Conversely, I am very good at titles. I will often think of a title for a piece before having a clear idea of what its substance will be. Sometimes this works well for me. Oftentimes it means I hit on a title I love which then has to ferment in the basement of my mind until I’ve developed enough of an argument to make a proper go of writing it.
This graveyard has proven invaluable in this space, as it is now a resource for when I have no obvious topic on which to write next. I’ve dusted off a bunch of old, disused, and fragmentary essays and breathed new life into them: “George R.R. Martin vs. Destiny”; “WWII’s Blinding Mirror”; “Tolkien’s Uncanny Magic”; and what is now my most-read essay, “The Implausibility of Galactic Empires”—all had been mouldering away in various stages of completion in my “In Progress” folder.
One of my iron rules for quotations: Introduce→Contextualize→QUOTE→Comment.
See what I did there?






Always love reading your posts -- on any topic -- but I especially love when you talk about your writing process (writing processes and the people who struggle with them are one of my favorite topics).
I love this simile: "For whatever reason, writing these essays has been like pulling teeth. The one in process is like pulling teeth that are all running off madly in all directions."
I recently described my revision process on my recent feminist killjoy bibliographic essay (which went on far longer than I had planned, or could have known) as ongoing wrestling with a big tentacled creature (yes, I was envisioning the Watcher in the Water) who was having way too much fun with the game and didn't want to stop.
And part of the problem was I realized that only ONE of all the essays either talking about how feminist Tolkienists hate Tolkien (and no doubt all men), or those doing what I consider a feminist analysis of some aspect of Tolkien's work (who in fact never expressed hatred of him or his work) ever defined what they meant by "feminist." (For those interested in the one who actually provided a definition and used a feminist theorist: see Power in Arda [https://dc.swosu.edu/mythlore/vol21/iss2/40/]).
And for academic scholars, that's a pretty big gaping gap.
So I had to write one.

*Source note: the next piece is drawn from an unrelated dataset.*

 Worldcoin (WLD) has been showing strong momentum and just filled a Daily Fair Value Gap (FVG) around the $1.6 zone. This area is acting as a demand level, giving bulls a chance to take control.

And that's when the tentacles came out!
If that’s just a quick filler while you’re pondering your real next essay, my hat is off to you.

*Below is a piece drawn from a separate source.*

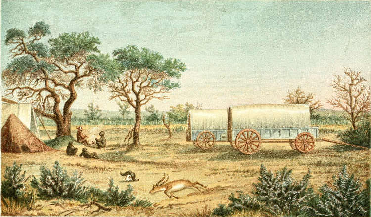There are not many who will need to be reminded[xii] that to “inspan” and “outspan,” words of frequent occurrence in the traveller’s journal, mean, in South African parlance, to “yoke” and “unyoke,” and that “spoor” means “footprints” or “track.” All other words of Dutch or native origin introduced into the text are explained, I believe, where they occur. The accent in the word “Matabele” falls, it may be added, on the third of its four syllables.

Terry’s quote about the mist-filled valley had come to my mind before I reached your reference to it. It is a favourite of mine. And my favourite part of it is this: “And with any luck you can see the other side of the valley.” Because that makes the whole thing conditional. I’ve often wondered how much his own glimpse of that far side varied from one book to another. To take two of my favourites, I’m guessing he saw it clearly in Wyrd Sisters… but maybe more hazily with Monstrous Regiment. But who knows?